See Bockting v. Bayer, 399 F.3d 1010, 1015-1016 (9th Cir.
2005). Consequently, petitioner's claim must be reviewed de
novo under Crawford. See id.
Under Crawford, the Confrontation Clause bars the admission
of out-of-court statements of a "testimonial" nature unless (1)
the declarant is unavailable to testify, and (2) the defendant
had a prior opportunity to cross-examine the declarant. See
Crawford, 541 U.S. at 59. While expressly declining to give
"testimonial" a comprehensive definition, the Supreme Court held
that the term "applies at a minimum to prior testimony at a
preliminary hearing, before a grand jury, or at a former trial;
and to police interrogations." See id. at 68. Here, because
Ramirez inculpated petitioner during questioning by the police,
any such statement by Ramirez would qualify as "testimonial"
under Crawford.

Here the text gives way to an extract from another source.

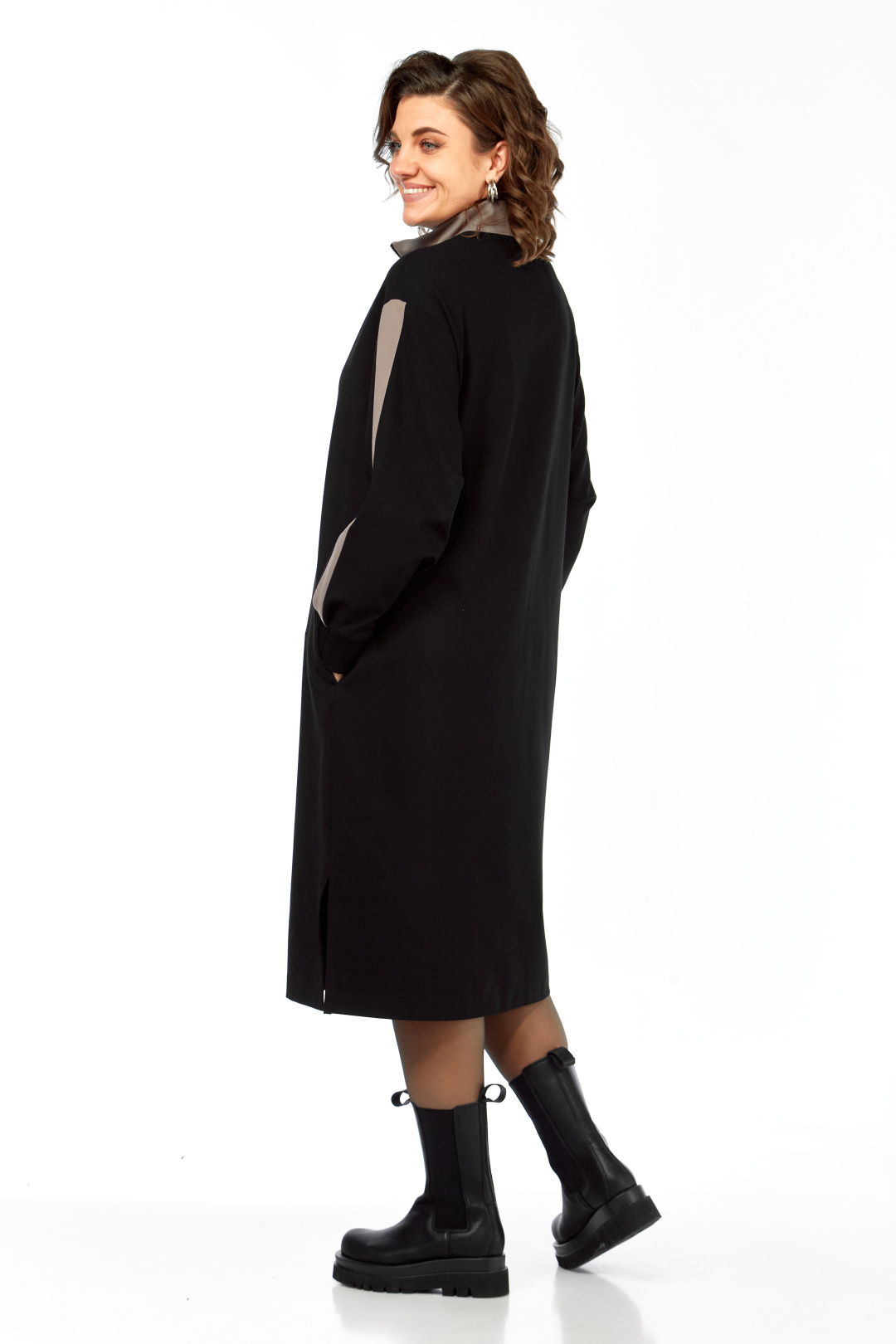Платье в стиле спорт-шик прямого силуэта, с воротником-стойкой. По переду, по центру контрастная отделка, молния, переходящая в воротник, декоративная нашивка. В боковых швах карманы и разрезы в низу. Рукав апущенный на манжете, с контрастными полосками.

Next, as discussed infra, Ramirez was
"unavailable" to testify as a witness with respect to
petitioner's use of the gun. Third, it is undisputed that
petitioner lacked an opportunity to cross-examine Ramirez about
his statements to Detective Zaragoza at the time such statements
were made. Nevertheless, the Crawford analysis is not complete
at this point.
In particular, Crawford also held that the Confrontation
Clause is not violated where (1) "the declarant appears for
cross-examination at trial" or (2) the testimonial statement at
issue was admitted "for purposes other than establishing the
truth of the matter asserted." See id. at 59 n. 9.
As to the first of these two exceptions, although Ramirez
appeared as a witness at petitioner's trial, he successfully
asserted his Fifth Amendment privilege against self-incrimination
when asked whether petitioner used the gun during the robbery. As
a result, Ramirez was, in essence, "unavailable" to testify as to
that issue for purposes of the Confrontation Clause. See
United States v. Wilmore, 381 F.3d 868, 871 (9th Cir. 2004)
(finding government witness's assertion of Fifth Amendment
privilege as to prior statements rendered witness "unavailable,"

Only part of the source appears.